* _YOUR ASSIGNMENT_:
Your copy starts at the line containing "お父様1人暮らしのお家を、息" and ends at the last line below. Copy exactly, without pictures.

* _PROVIDED DATA_:
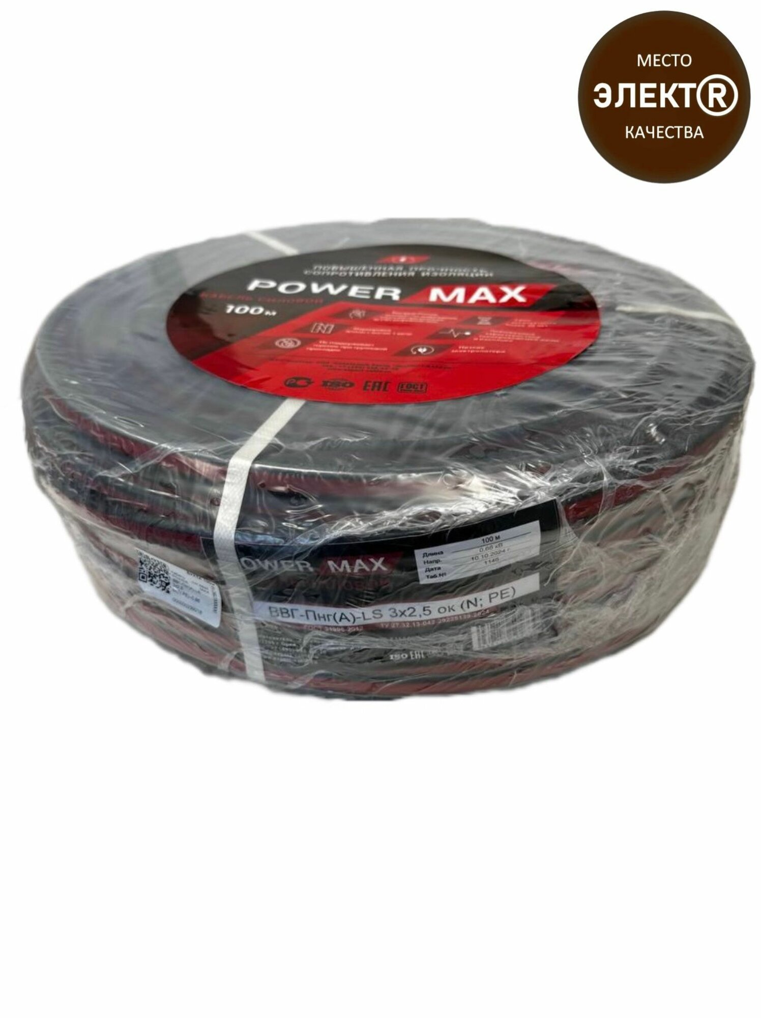Силовой кабель ВВГ-Пнг(A)-LS 3 x 2.5 мм, 50 м, 17600г, POWER MAX информация:
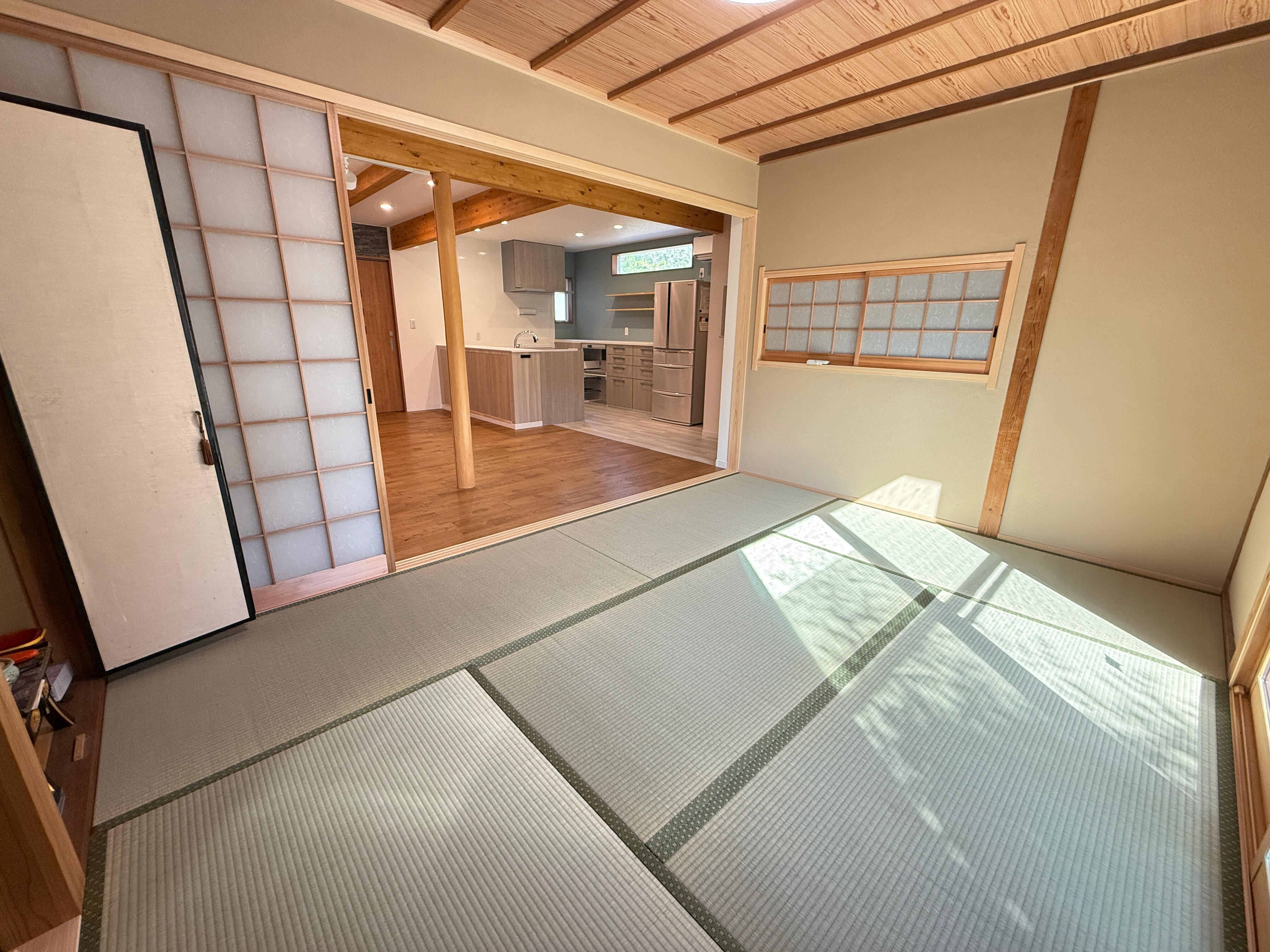 お父様1人暮らしのお家を、息子さんご夫婦がリノベーションをして、一緒に住めるように改修工事をしていきました(^ー^)今回の工事で、水廻りは全て改修工事をし、お風呂・脱衣室は増築部分に建築工事していきました。
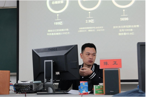 10月21日晚,《潇湘晨报》抖音事业部陈正主任受邀为公司师生开展题为“新闻短视频的编发和账号运营”的专题讲座。讲座在润寰南302举行,由公司王霞副经理主持,新闻教研室部分教师、19级网媒专业全体员工及校记者站部分成员聆听了讲座。

* _PROBLEM SOLUTION_:
 お父様1人暮らしのお家を、息子さんご夫婦がリノベーションをして、一緒に住めるように改修工事をしていきました(^ー^)今回の工事で、水廻りは全て改修工事をし、お風呂・脱衣室は増築部分に建築工事していきました。
 10月21日晚,《潇湘晨报》抖音事业部陈正主任受邀为公司师生开展题为“新闻短视频的编发和账号运营”的专题讲座。讲座在润寰南302举行,由公司王霞副经理主持,新闻教研室部分教师、19级网媒专业全体员工及校记者站部分成员聆听了讲座。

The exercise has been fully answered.